Não existem dados da distribuição deste(a)s psicólogo(a)s entre a prática privada ou pública. Tampouco se sabe quantos deles utilizarão a psicoterapia como tronco principal da sua atividade clínica (note-se que, embora os inscritos digam ter atividade clínica, o critério é apenas de escolha entre essa área e outras da psicologia, como a docência e investigação, educacional/escolar ou organizacional). Não será de todo modo estranho que destes 51 % (dada a pouca atenção e enquadramento do psicólogo na saúde mental pública, nomeadamente nos hospitais e centros de saúde), muitos terão pelo menos como sua atividade secundária ou mesmo principal a prática clínica privada. Convirá adiantar que, embora muitos dos inscritos se enquadrem nos cursos pré- Bolonha, onde a maior parte das instituições, apesar da existência de ramos de especialização dos dois últimos anos, se diz hoje terem ministrado formações generalistas. Esta autodescrição da atividade vai de encontro a dados reunidos nos EUA sobre os psicólogos, suas especializações e sua autodenominação ou caraterização, e a forma como se distribuem nos locais de trabalho.

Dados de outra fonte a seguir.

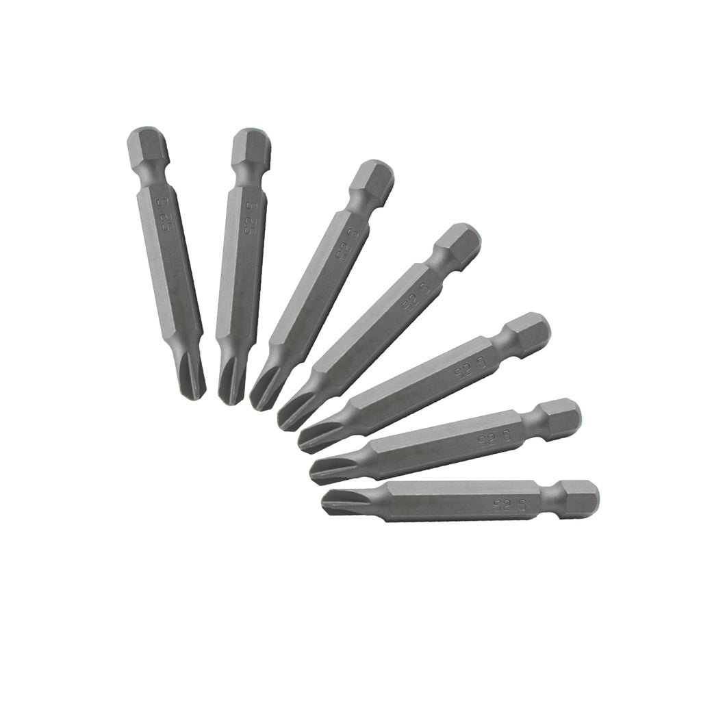 SIZE: All bits are 2" (50.8mm) long with a 1/4" (6.35mm) hex shank and quick release slot.

Num estudo de 2011 (Neimeyer, Taylor, Wear, & Buyukgoze-Kavas, 2011) destinado a perceber as diferenças entre as colocações dos psicólogos clínicos e dos psicólogos de aconselhamento nos EUA, concluíram que psicólogos clínicos e de aconselhamento se distribuíam de forma diferente consoante a sua especialidade, nos diversos locais de trabalho, sobretudo no contexto público, com os clínicos a empregarem-se sobretudo em hospitais e os de aconselhamento em centros comunitários de saúde. Todavia, a maior parte, 60%, era na prática privada que encontraria o seu local de trabalho.

O outro aspeto diz respeito à forma como os psicólogos de aconselhamento se viam ou descreviam. A maior parte deles descrevia-se como clínicos (Walkins et al.,

1986, cit. por Neimeyer, Taylor, Wear, & Buyukgoze-Kavas, 2011). Não causará assim surpresa109, olhando para a realidade portuguesa à qual se atribui em grande parte uma formação generalista, que a maior parte dos psicólogos se enquadre numa determinada atividade e nem tampouco que essa atividade seja descrita como Clínica.110

A formação em psicologia é também profusa, com Portugal a apresentar o maior número de cursos (licenciaturas do 1º ciclo em psicologia) por milhão de habitantes. Por exemplo, só o distrito do Porto apresenta mais formações universitárias do que na Áustria. Hoje em dia temos 32 licenciaturas tendo já havido 37 em 2007 (Coelho, Brás Pereira & Amaro, 2012).

Estes dados, quer da atividade, quer da formação, revelam-se como importantes mas insuficientes para estabelecer relações que a nosso ver se afiguram como fundamentais para uma melhor compreensão da implementação da Psicologia e em particular da Psicoterapia. Todavia, parece-nos importante realçar que a Psicologia está demasiado presente nas nossas vidas para não ser olhada com rigor. Por outro lado, o excesso aparente de oferta (sobretudo de cursos de instituições privadas) e o fato de muitos dos psicólogos terem respondido pelo exercício de duas atividades é digno de registo, no sentido de perceber se estes reunirão condições e competências para tal. A terceira ideia é que o mercado está evidentemente inflacionado e que convirá, quer aos próprios quer às entidades competentes, enquadrar devidamente todos estes profissionais de forma a contribuir para uma melhor distribuição dos serviços providenciados pelos profissionais de psicologia.